Task: select all rows, such that ranges[].min <= number < ranges[].max exists. In other words, ranges has an object that that satisfies a condition .min <= number < .max.

Preparing

Let’s lay out the problem and test data in formal SQL terms.

We have a table my_table:

CREATE TABLE my_table (
  title  VARCHAR,
  number INTEGER,
  ranges JSONB
);

There’s some data in the table:

INSERT INTO my_table (title, number, ranges)
  VALUES
  ('bad', 6, '[{"min": 1, "max": 5}, {"min": 7, "max": 10}]'::JSONB),
  ('good', 7, '[{"min": 1, "max": 5}, {"min": 7, "max": 10}]'::JSONB);

The task is to write a query that will result in only row with title='good' to be selected.

Sub-optimal solution

An obvious solution would be the following:

  1. for each record unnest the jsonb array into rows that can be then operated on via pure SQL,
  2. on the resulting data set use WHERE clause to target rows with object containing desired properties.

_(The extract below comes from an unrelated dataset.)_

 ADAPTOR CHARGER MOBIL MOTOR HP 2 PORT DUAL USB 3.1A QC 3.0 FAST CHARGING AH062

Here is what such query would look like:

SELECT title,
       number,
       jsonb_array_elements(ranges) as object
  FROM my_table
 WHERE number BETWEEN (object->>'min')::integer AND (object->>'max')::integer;

Hmm, but that doesn’t seem to work:

ERROR:  column "object" does not exist
LINE 5:  WHERE number BETWEEN object->>'min' AND object->>'max';

Let’s try another approach:

WITH our_data AS (
  SELECT title,
         number,
         jsonb_array_elements(ranges) as object
    FROM my_table
)
SELECT *
  FROM our_data
 WHERE number BETWEEN (object->>'min')::integer AND (object->>'max')::integer;

Okay, that was a little too verbose, but it works!

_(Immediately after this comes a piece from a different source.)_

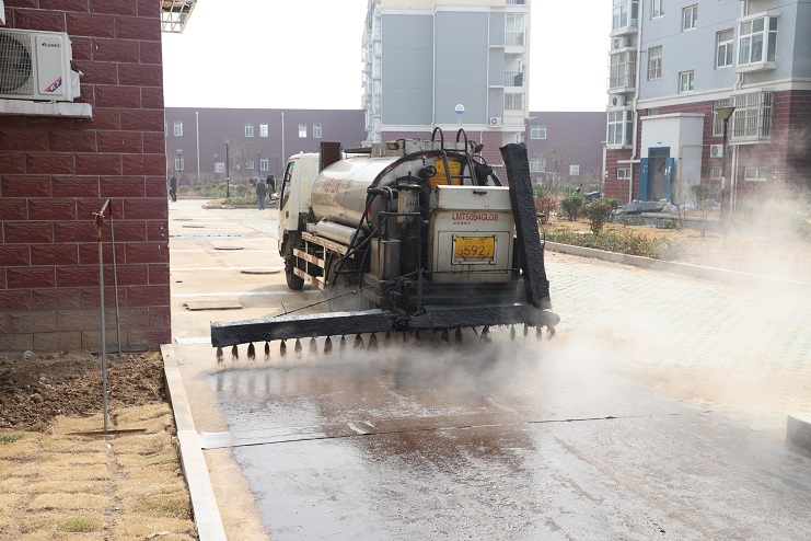 在工程現場,機械轟鳴聲吸引了小區內眾多居民駐足觀看,他們親歷著小區的舊貌換新顏。施工中,噴淋式灑油車首先在路面上灑上一層油,隨后,冒著熱氣的瀝青從工程車上緩緩“淌”入瀝青混凝土攤鋪機,接著雙鋼輪震動壓路機、輪胎式壓路機依次上場,轉眼間,原來的水泥路面上就鋪上了平整的瀝青,再配合上去年完成的小區綠化工程,使小區的整個環境瞬間提高了一個檔次,不經意間還以為身處市區之中。

Let’s take a closer look at this solution:

  1. a CTE is introduced,
  2. inside the CTE the ranges column is being unfolded, e.g. each object of the array becomes an SQL row of its own,
  3. the final set of rows is queried for desired qualities.

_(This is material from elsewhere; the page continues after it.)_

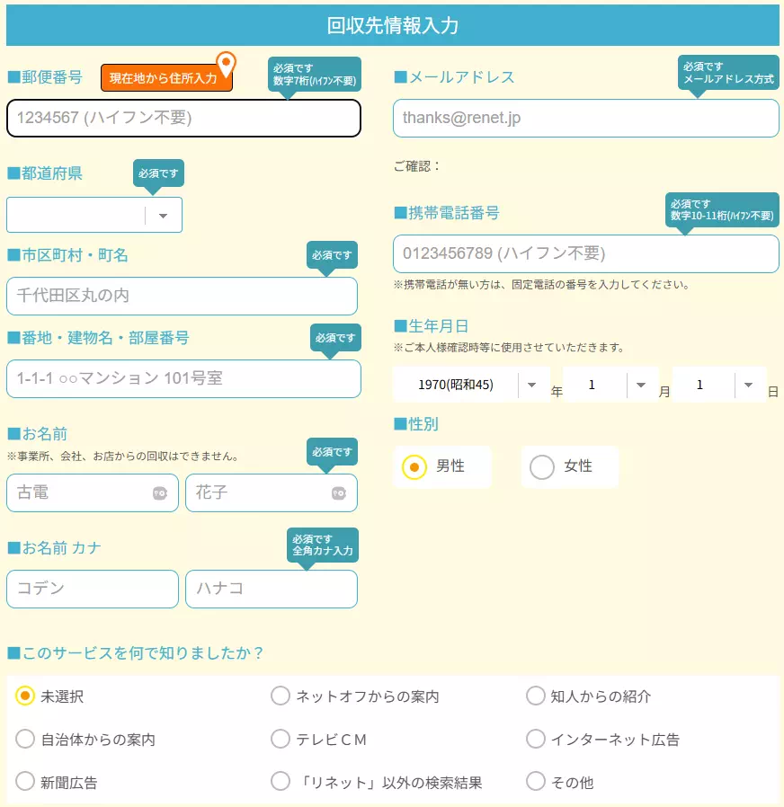 まずは上図のパソコン台数と回収日を入力して、「回収先情報を入力する」をクリックします。

It works? Yes. But is it optimal? Here’s how a query plan looks like using EXPLAIN ANALYSE:

                                                   QUERY PLAN
-----------------------------------------------------------------------------------------------------------------
 CTE Scan on our_data  (cost=441.38..3841.38 rows=9444 width=68) (actual time=0.060..0.062 rows=1 loops=1)
   Filter: ((number >= ((object ->> 'min'::text))::integer) AND (number <= ((object ->> 'max'::text))::integer))
   Rows Removed by Filter: 3
   CTE our_data
     ->  Seq Scan on my_table  (cost=0.00..441.38 rows=85000 width=68) (actual time=0.035..0.041 rows=4 loops=1)
 Planning time: 0.082 ms
 Execution time: 0.518 ms
(7 rows)

Apart from suspiciously big numbers in the EXPLAIN ANALYSEs result and a gut feeling, it’s hard to confidently say whether or not this approach is fast. So lets try to solve the problem differently.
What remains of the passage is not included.